Габриэль поставил книгу на полку, но в последний момент рука дрогнула и замерла. Он огляделся и спрятал книгу под рясу.

Пошатываясь, он вышел и оказался в длинном коридоре без окон. Тусклый свет не раздражал глаза, а успокаивал. Пол устилал узорный бордовый ковёр, по обе стороны коридора находились тяжёлые резные двери, и вряд ли хоть одна из них могла вести в уборную. Над каждой дверью светились руны, и когда Габриэль шёл мимо них, руны светились ярче, словно предупреждая, что если Габриэль вздумает прикоснуться к ручке двери, его поразит незнакомое охраняющее заклятье. Под высоким вогнутым потолком висели пышные люстры. В тишине казалось, что он остался один в мире бесконечного коридора и дверей, за которыми жила пустота.

Тихий шорох его одежд таял в таинственной тишине.

Руки горели. Не-волшебник снял перчатки и испугался, увидев ожоги и раны на ладонях. Вместе с осознание происходящего, в сознание ворвалась жгучая боль.

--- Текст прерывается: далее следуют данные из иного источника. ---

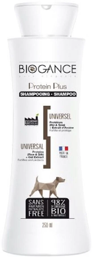 Le shampooing ProĂ©tine Plus est un shampoing universel pour chiens. Il est composĂ© de lait d’Avoine, de protĂ©ines de Soie et de Riz. Ces ingrĂ©dients, Ă 98% d’origine naturelle et Bio, vont venir nettoyer tout en douceur le pelage, faire briller le poil, faciliter le dĂ©mĂŞlage mais aussi venir tonifier. C’est un produit fabriquĂ© en France, sans paraben et au pH neutre.Â
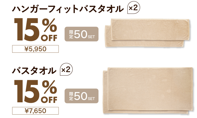 fuwa-suiの吸水力だからこそ1サイズ小さいバスタオルでも十分利用する事ができます。ハンガーフィットバスタオルは、幅がハンガーサイズに設計されています。

Габриэль свернул за угол и не увидел окон. Ему открылся точно такой же коридор с дверями по обе стороны и бордовым ковром между ними. Место, похожее на сон или забытое воспоминание, что пыталось прорваться в уставший разум.

— Эй!

Габриэль обернулся и увидел выглядывающего из-за одной из дверей мальчишку.

— Ты кто?

Мальчишка окликнул кого-то из той же комнаты, откуда показался, и двое подошли к Габриэлю. Первый мальчик с виду был Габриэлю ровесником. Его лицо частично закрывала тёмная косая чёлка. Кожу покрывали брызги веснушек, крупных и тёмных, как греча. У второго мальчика были рыжие волосы, собранные в короткий «хвост» и круглый «картофельный» нос. Они были одеты в одинаковые тёмные платья с красными вставками. Одному платье приходилось не по размеру. Длинные рукава были подвёрнуты, а полы везлись по ковру. Второму платье было впору, и на его груди была вышита золотыми нитками кобра.

— Мы тебя здесь не видели, — сказал первый.

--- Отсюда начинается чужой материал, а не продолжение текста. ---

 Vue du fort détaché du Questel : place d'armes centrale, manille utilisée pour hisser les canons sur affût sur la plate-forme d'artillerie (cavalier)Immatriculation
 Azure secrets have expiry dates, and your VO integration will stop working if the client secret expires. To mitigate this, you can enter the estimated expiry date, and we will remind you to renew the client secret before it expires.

— Да, ты кто? — спросил рыжий.

Шорох и шепот липкой волной пронеслись по коридору. Двери стали приоткрываться, за ними слышались любопытные голоса, Габриэль ощутил на себе взгляды. Ещё несколько мальчишек вышли из комнат. На всех были надеты одинаковые платья с красными вставками.

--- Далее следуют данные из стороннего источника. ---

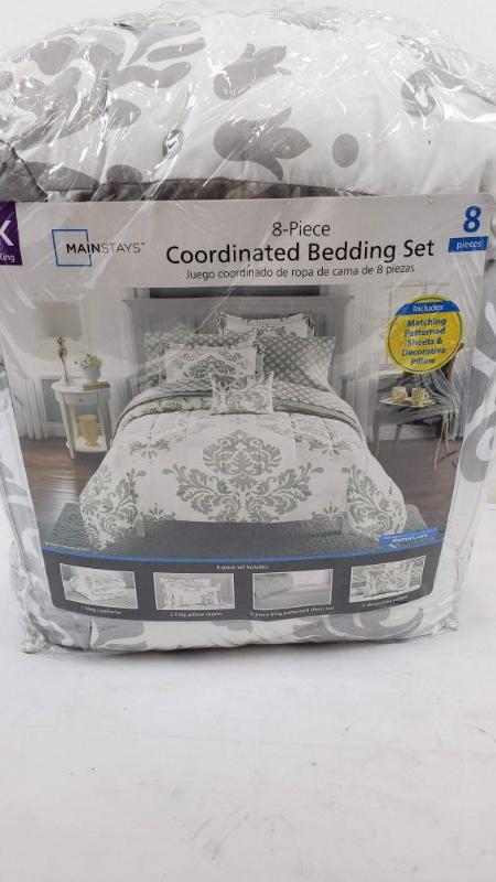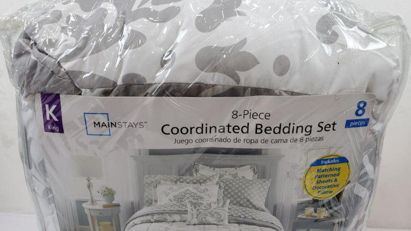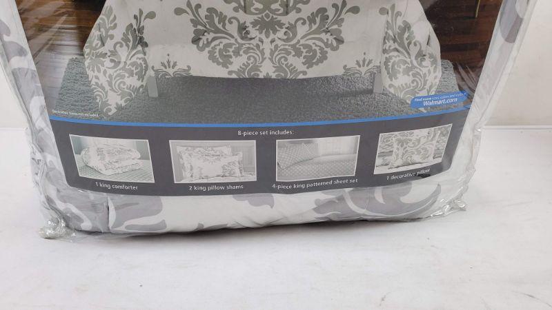 King 8 Piece Coordinating Bed Set, Gray/White Classic Noir- New

— Оглох? — спросил первый мальчик с тёмными волосами.

— Он немой, — толкнул его под ребро рыжий.

Темноволосый вышел вперёд, обошёл Габриэля, оглядывая его с ног до головы яркими жёлтыми глазами, и конечно же, не оставил без внимания длину его волос.

— Уж ни принц снизошёл до рабов? — он шутливо поклонился Габриэлю в ноги.

— Принц, принц пришёл! — зашуршал коридор.

Несколько мальчиков разом отвесили Габриэлю издевательские поклоны. Кто-то, осмелев, потянул Габриэля за волосы, словно убеждаясь, что это не парик. Габриэль резко обернулся. Позади него стояло ещё трое в чёрных платьях с красными вставками. На вид всем было от тринадцати до восемнадцати лет.

— На Манриоля похож, — сказал первый тёмненький мальчик.

Габриэль не успел опомниться, как его замкнули в кольцо.

— Раймон Манриоль? — спросил кто-то.

— Нет. Его сын. Как его там… — сказал тёмненький. — Ты ведь он?

Его лицо было маленькое и треугольное, бледное, от чего веснушки казались почти чёрными, а глазища — жёлтые, как у филина, любопытные, в чёрных длинных ресницах, как в паучках. Его подростковое телосложение не внушало страха, но судя по тому, как другие мальчики замолкали, когда он начинал говорить, темноволосый был их лидером. Габриэлю хватило меньше минуты, чтобы это понять.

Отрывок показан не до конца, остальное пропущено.